> **Required work**
Below, some lines carry pictures; leave those pictures out and retype exactly the lines from the one with "Health Ceramics , a" through the one with "Itโs the holidays".

[Extracted information — start]

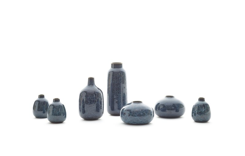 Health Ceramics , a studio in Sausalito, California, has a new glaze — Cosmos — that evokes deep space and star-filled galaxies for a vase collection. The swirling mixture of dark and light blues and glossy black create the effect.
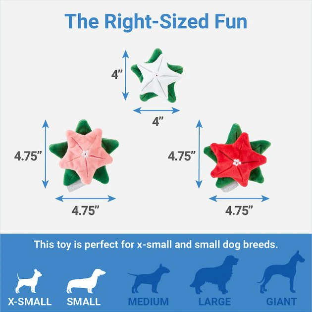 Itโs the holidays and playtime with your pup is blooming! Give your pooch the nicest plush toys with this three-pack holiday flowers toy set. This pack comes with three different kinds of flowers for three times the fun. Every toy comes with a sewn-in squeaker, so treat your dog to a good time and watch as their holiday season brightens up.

[Extracted information — finish]
[Extracted information — start]

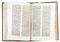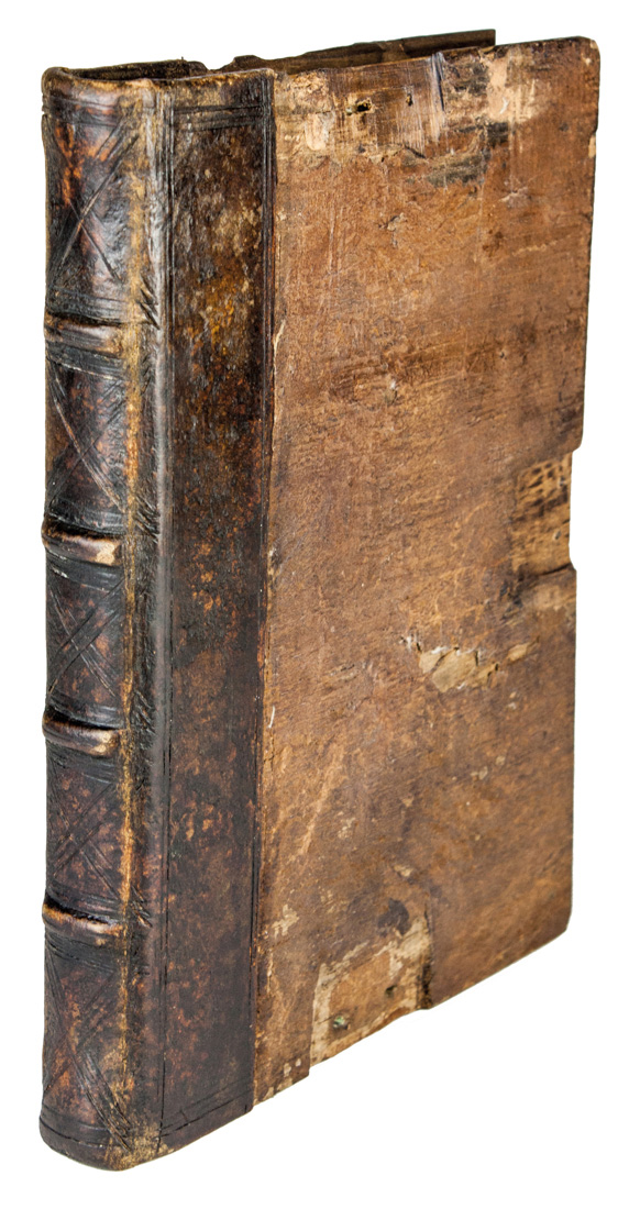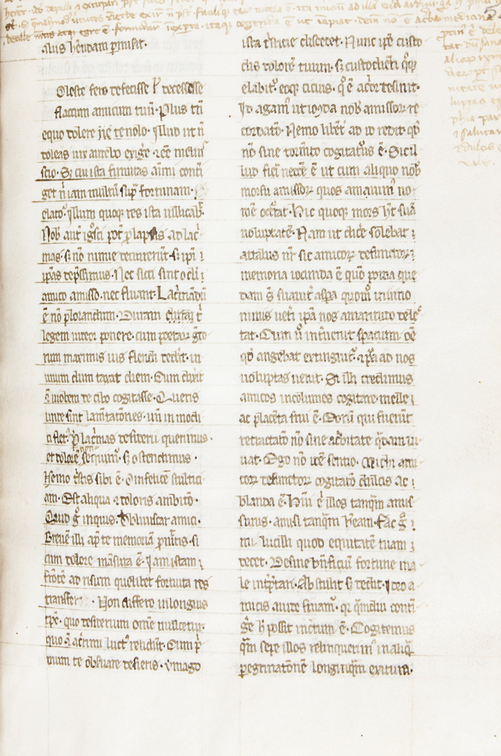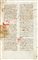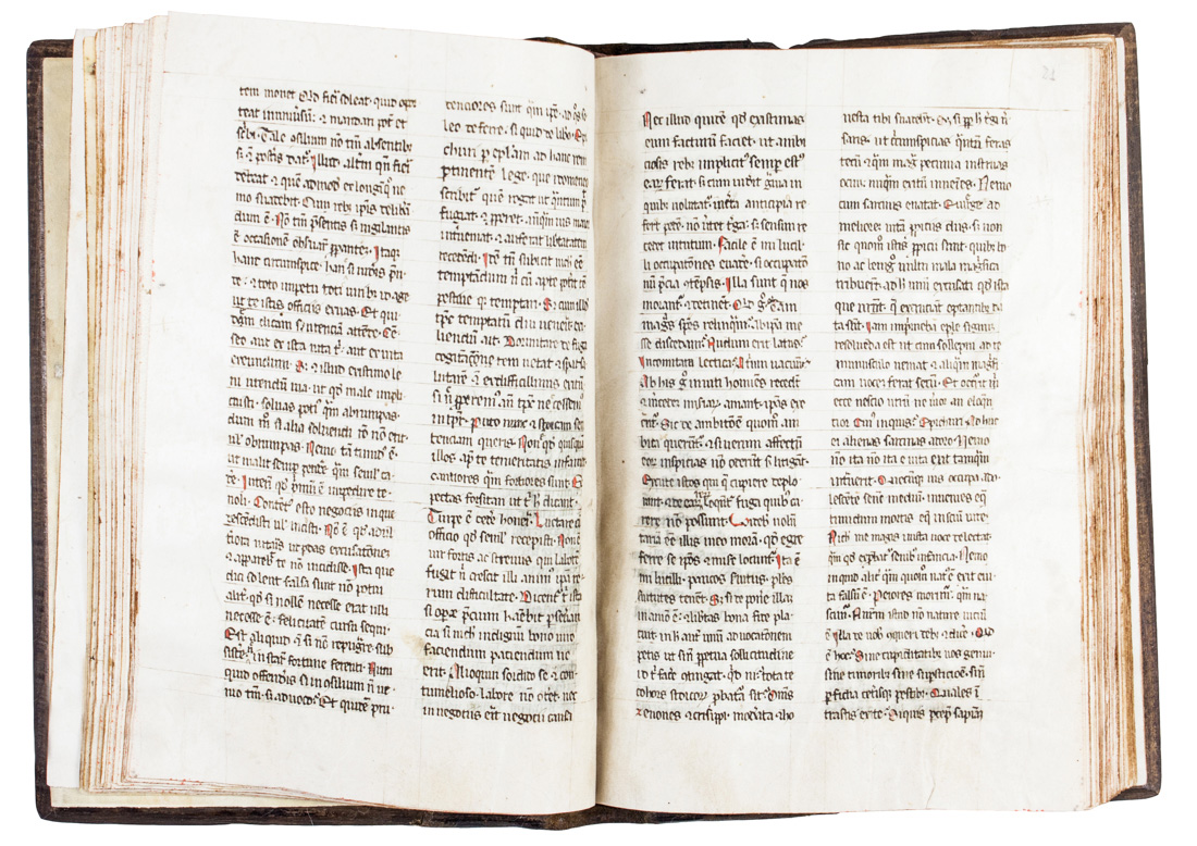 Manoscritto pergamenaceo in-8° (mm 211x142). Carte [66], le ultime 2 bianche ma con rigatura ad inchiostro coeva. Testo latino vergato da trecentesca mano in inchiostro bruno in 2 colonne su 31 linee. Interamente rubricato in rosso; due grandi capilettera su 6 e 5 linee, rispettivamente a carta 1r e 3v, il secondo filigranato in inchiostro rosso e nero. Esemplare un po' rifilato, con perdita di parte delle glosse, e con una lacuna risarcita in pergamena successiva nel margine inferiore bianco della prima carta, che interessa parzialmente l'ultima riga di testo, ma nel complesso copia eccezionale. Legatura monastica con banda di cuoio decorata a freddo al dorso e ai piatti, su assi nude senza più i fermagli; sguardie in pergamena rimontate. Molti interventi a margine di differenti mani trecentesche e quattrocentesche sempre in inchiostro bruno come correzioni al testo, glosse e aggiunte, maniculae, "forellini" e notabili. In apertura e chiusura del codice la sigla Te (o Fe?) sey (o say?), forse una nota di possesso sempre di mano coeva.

[Extracted information — finish]

> **Written answer**
 Health Ceramics , a studio in Sausalito, California, has a new glaze — Cosmos — that evokes deep space and star-filled galaxies for a vase collection. The swirling mixture of dark and light blues and glossy black create the effect.
 Itโs the holidays and playtime with your pup is blooming! Give your pooch the nicest plush toys with this three-pack holiday flowers toy set. This pack comes with three different kinds of flowers for three times the fun. Every toy comes with a sewn-in squeaker, so treat your dog to a good time and watch as their holiday season brightens up.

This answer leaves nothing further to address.